Research

Cell adhesion molecules, e.g., integrin, intercellular adhesion molecule, selectin, mediate cell-cell and cell-matrix interaction, and are important therapeutic targets in autoimmune-related diseases and cancer. Integrins are a family of heterodimers of alpha and beta subunits, and each of subunits consists of multiple modular domains, among which one or two domains serve as ligand-binding sites. Integrins exhibit sophisticated allosteric conformational change of bent to extended conformation induced either by signals from inside (inside-out signaling) or by ligand binding to integrins (outside-in signaling)(Figure 1). Previously we have studied experimentally and computationally an allosteric activation mechanism of ligand binding domain of some members of integrins, known as Inserted or I domain. Impressively, using various protein engineering tools, we haveengineered an I domain with an increase of 200,000-fold in the affinity to Intercellular adhesion molecule-1 (ICAM-1). When the high affinity I domain mutant was tested for a potential therapeutic use in blocking the migration of leukocyte through endothelium whose aberrant activation is associated with autoimmune-related diseases, it was found to be as effective as anti-LFA-1 antibody or Raptiva that was approved for treating psoriasis.

ICAM-1 is a ligand for some integrins and subverted as a receptor for human rhinovirus, which is the major causative agent of common colds. A binding site for rhinovirus in ICAM-1 is limited to the first N-terminal domain (D1), which by itself is not stable. D1 belongs to the immunoglobulin-like fold or immunoglobulin superfamily (IgSF), and we identified mutations that enable the production of D1 from bacterial expression system. ICAM-1 was shown to be effective in preventing rhinovirus infection in clinical studies, but the high cost of producing ICAM-1 from mammalian system prevented a further development. Therefore, the production of ICAM-1 D1, which was stabilized by mutations and optimized for a low-cost and large-scale production from bacteria, may open a new approach for developing ICAM-1 D1 as rhinovirus therapeutics. Additionally we plan to use this D1 for obtaining a high-resolution structure of rhinovirus bound with D1, which can facilitate developing small molecule drug that inhibits rhinovirus infection.

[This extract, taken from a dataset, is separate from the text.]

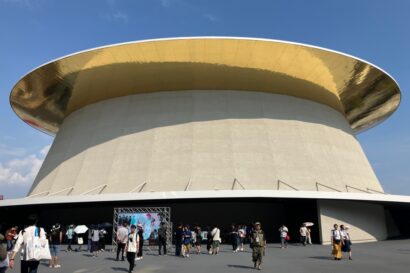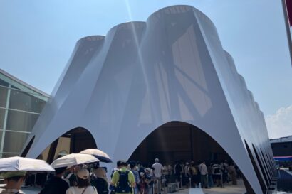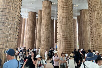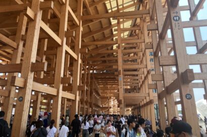 中々パビリオンに入れず、空いているパビリオンを探して木造リングの下を歩き続けました。殺人的な酷暑の中、予約が取れないスマホとにらめっこをしながらパビリオンを狙い続ける自身の姿がガラスに映っており、「いのちの輝き」について考えさせられました。個性的で、きらびやかで、活気があって、各国の威信を示すパビリオンはピカピカと輝いていますが、その体験は一部の幸運な人に限られます。一歩引いて見ればそういってパビリオンとは対象的に木造リングは全ての人を包みこんでいます。疲れた人々はその日影で休んでおり、皮肉的にサブテーマの「いのちを救う」「いのちに力を与える」「いのちをつなぐ」を実感しました。入れたパビリオンは僅かでしたが、世界的な一大イベントを目と肌で感じることができました。

With the advent of modern technologies of producing antibodies, e.g., transgenic animal producing human antibodies, phage display of human antibodies, etc., antibody-based therapeutics are entering market with great anticipation. In the process of antibody production, a target antigen has to be purified and it is often desired that the antigen to be locked into an active conformation for isolation of activation-dependent antibodies. We aim to develop a novel and efficient system for engineering conformation-specific antibodies based on yeast display system. We will create yeast display vector that can express two proteins of interest by Gal1/10 promoter. Among the two proteins, a target antigen is displayed on the cell surface and a library of single-chain antibody (scFv) fused to eGFP will be expressed as a soluble protein. By isolating cells that exhibit higher level of fluorescence, the scFv that is reactive with a target antigen can be isolated.

Targeted delivery of nanoparticles containing drug molecules, siRNA, and fluorophore is becoming the technology of choice for potential cancer therapy, gene knock out, as well as for diagnostics and basic research. One of the key issues in the success of the targeted delivery of nanoparticles, e.g., liposomes, quantum dots, magnetic particle, etc., is how to ensure their specificity to targets. We tackle this problem through a surface modification of nanoparticles by proteins that will specifically bind to target molecules. Antibodies and physiological ligands to cell surface receptors, e.g., integrins, EGFR, etc., will be used for the decoration of nanoparticles, where these molecules can be engineered for enhanced affinity and stability, directly related to the Project I & II.s Currently, no diagnostic system is available for detecting early onset of brain disease. One of the difficulties in developing brain diagnostics arises from the blood brain barrier (BBB) in cerebral vasculature that prevents large particles emigrating from blood into brain. We propose to develop as MR contrast agent iron oxide nanoparticles coated with antibody against transferrin receptor, which will elicit transferrin receptor-mediated transcytosis of the particles to the brain. The particles will be coated with second set of antibody against NMDA receptors expressed highly at hippocampus of the brain, and their distribution will be analyzed by MRI at sub-millimeter resolution.

Adeno-associated virus (AAV) mediated gene delivery targeting brain and connective tissue. AAV is a non-pathogenic virus, and yields long-term gene transfer and minimal toxicity as a gene delivery system. We are interested in modifying viral capsid protein to create new tropism for the virus for efficient gene delivery into different tissues and for direct transport through the BBB into the brain.